Combine multiple tasks into a CompositeTask to define a workflow.

from advanced_tasks.task_definitions import CompositeTask
from advanced_tasks.executors import SyncExecutor

class DataProcessingWorkflow(CompositeTask):
def __init__(self, name: str):
super().__init__(name)
self.add_task(DataIngestionTask(name="IngestData"), provides={"ingested_data": "raw_data"})
self.add_task(DataCleaningTask(name="CleanData"), requires={"input_data": "raw_data"}, provides={"cleaned_data": "processed_data"})
self.add_task(DataStorageTask(name="StoreData"), requires={"data_to_store": "processed_data"})

# Define DataCleaningTask and DataStorageTask similarly
class DataCleaningTask(Task):
def execute(self, input_data: dict) -> TaskResult:
print(f"Cleaning data: {input_data}")
cleaned = {k: v.upper() for k, v in input_data.items()} # Simple cleaning
return self.complete(result={"cleaned_data": cleaned})

class DataStorageTask(Task):
def execute(self, data_to_store: dict) -> TaskResult:
print(f"Storing data: {data_to_store}")
# Simulate storage
return self.complete(result={"storage_path": "/data/cleaned"})

# Execute the workflow
workflow = DataProcessingWorkflow(name="ETLWorkflow")
executor = SyncExecutor()
workflow_result = executor.execute(workflow, initial_inputs={"data_source": "s3://my-bucket/raw.csv"})

print(f"Workflow status: {workflow_result.status}")
if workflow_result.is_completed():
print(f"Final output: {workflow_result.output}")

Applying the Retry Pattern

Configure a Task with a RetryPolicy to handle transient failures.

from advanced_tasks.task_definitions import Task, TaskResult, RetryPolicy
import time

class UnreliableServiceCallTask(Task):
_attempts = 0

def execute(self, endpoint: str) -> TaskResult:
self._attempts += 1
print(f"Attempt {self._attempts} to call {endpoint}")
if self._attempts < 3: # Simulate failure for first 2 attempts
print("Simulating transient failure...")
return self.fail("Service temporarily unavailable.")
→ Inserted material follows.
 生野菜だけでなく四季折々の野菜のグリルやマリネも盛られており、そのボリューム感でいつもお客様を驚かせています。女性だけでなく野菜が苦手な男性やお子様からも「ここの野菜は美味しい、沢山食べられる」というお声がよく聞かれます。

print("Service call successful.")
return self.complete(result={"response": f"Data from {endpoint}"})

# Define a retry policy: 3 attempts, exponential backoff starting with 1 second
retry_policy = RetryPolicy(max_attempts=3, backoff_factor=2, initial_delay_seconds=1)

unreliable_task = UnreliableServiceCallTask(name="CallExternalAPI", retry_policy=retry_policy)
executor = SyncExecutor() # Or AsyncExecutor for non-blocking retries

print("Executing unreliable task with retry policy...")
result = executor.execute(unreliable_task, initial_inputs={"endpoint": "api.example.com/data"})
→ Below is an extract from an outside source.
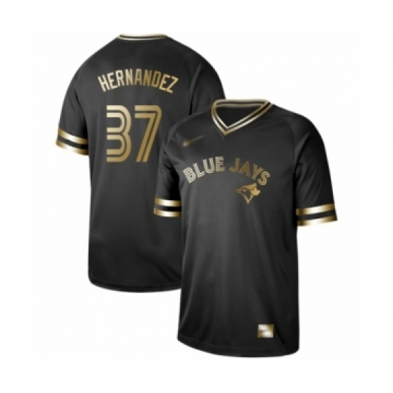 >Men's Toronto Blue Jays #37 Teoscar Hernandez Authentic Black Gold Fashion Baseball Jersey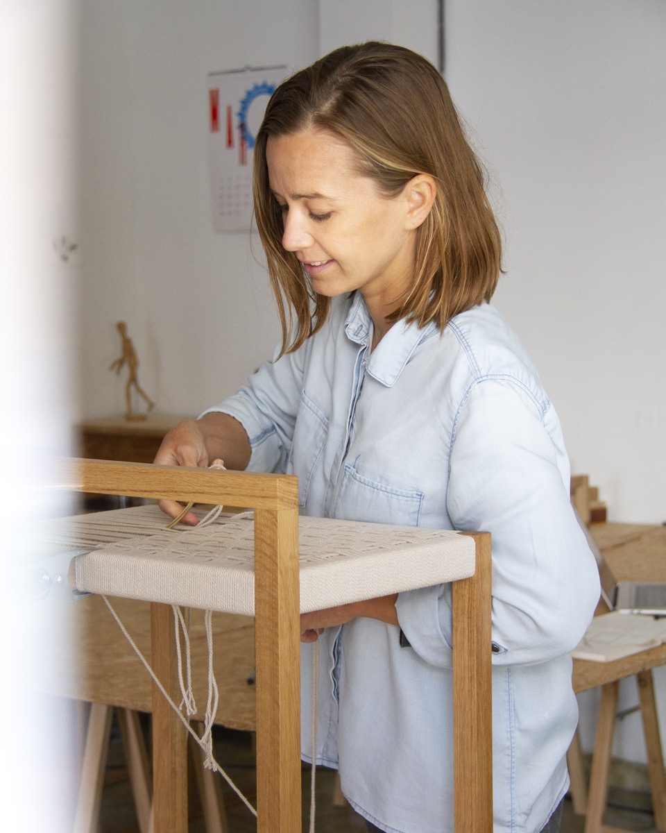 Heute entwirft und fertigt sie moderne Möbel, die von diesen traditionellen Techniken inspiriert sind. Ihre charakteristischen Stücke sind geflochtene Hocker, Bänke und Nachttische, die aus recycelter Baumwollkordel hergestellt werden, die in Spanien gesponnen und manchmal mit Hanf gemischt wird, und mit lokalem Eichenholz gerahmt sind. Jedes Design ist bewusst gewählt. „Die Geometrie spricht“, erklärt sie und verweist dabei auf ihre Inspiration durch architektonische Linien, natürliche Farbverläufe und lokale Motive wie sonnenverblasste Zäune und Schattengitter. Jedes Stück trägt den Namen einer Frau: Großmütter, Töchter, Freundinnen – stille Hommagen an diejenigen, die sie geprägt haben.

print(f"Final task status: {result.status}")
if result.is_completed():
print(f"Final task output: {result.output}")

Performance Considerations

  • Task Granularity: Design tasks to be granular enough to allow for parallelization and independent failure recovery, but not so fine-grained that orchestration overhead dominates execution time.
  • Idempotency: Implement idempotent tasks where possible, especially for tasks that interact with external systems, to prevent unintended side effects during retries.
  • Asynchronous vs. Synchronous: Use AsyncExecutor for I/O-bound tasks to maximize throughput. Reserve SyncExecutor for simple, CPU-bound, or debugging scenarios.
  • Distributed Execution: For high-volume or long-running workflows, leverage the DistributedExecutor with a robust message queue and worker pool to scale horizontally. Monitor queue depths and worker utilization.
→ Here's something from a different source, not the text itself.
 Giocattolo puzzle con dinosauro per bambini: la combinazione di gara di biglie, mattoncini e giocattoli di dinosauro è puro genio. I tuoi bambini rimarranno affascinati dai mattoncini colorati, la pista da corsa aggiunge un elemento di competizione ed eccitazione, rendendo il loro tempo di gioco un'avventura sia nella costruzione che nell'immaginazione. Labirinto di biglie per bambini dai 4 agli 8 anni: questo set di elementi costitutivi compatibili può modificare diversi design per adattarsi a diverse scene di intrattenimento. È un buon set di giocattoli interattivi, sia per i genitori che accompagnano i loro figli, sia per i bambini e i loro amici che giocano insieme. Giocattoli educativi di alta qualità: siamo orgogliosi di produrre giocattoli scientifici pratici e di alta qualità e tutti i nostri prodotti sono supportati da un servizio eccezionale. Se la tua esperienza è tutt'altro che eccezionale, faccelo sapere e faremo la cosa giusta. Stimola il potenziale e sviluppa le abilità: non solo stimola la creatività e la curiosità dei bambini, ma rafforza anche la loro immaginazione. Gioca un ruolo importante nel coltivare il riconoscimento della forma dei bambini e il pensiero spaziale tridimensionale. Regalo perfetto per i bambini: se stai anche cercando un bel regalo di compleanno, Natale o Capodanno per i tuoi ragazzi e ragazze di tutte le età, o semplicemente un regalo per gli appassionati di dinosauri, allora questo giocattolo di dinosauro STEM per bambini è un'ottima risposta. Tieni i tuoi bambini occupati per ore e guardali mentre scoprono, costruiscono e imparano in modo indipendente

Limitations and Considerations

  • Complexity: While abstracting complexity, designing and debugging highly intricate workflows can still be challenging. Clear task definitions and thorough testing are crucial.
  • State Management Overhead: Persisting task state introduces overhead. Optimize state updates and choose an appropriate persistence backend for your performance requirements.
  • External Dependencies: The reliability of workflows heavily depends on the reliability of external services and resources that tasks interact with. Implement robust error handling and retry policies for these interactions.
  • Resource Contention: In parallel or distributed execution, tasks might contend for shared resources. Design tasks to minimize contention or implement appropriate locking/synchronization mechanisms.

By leveraging Advanced Task Types & Patterns, developers can construct resilient, scalable, and maintainable systems capable of handling the most demanding computational challenges.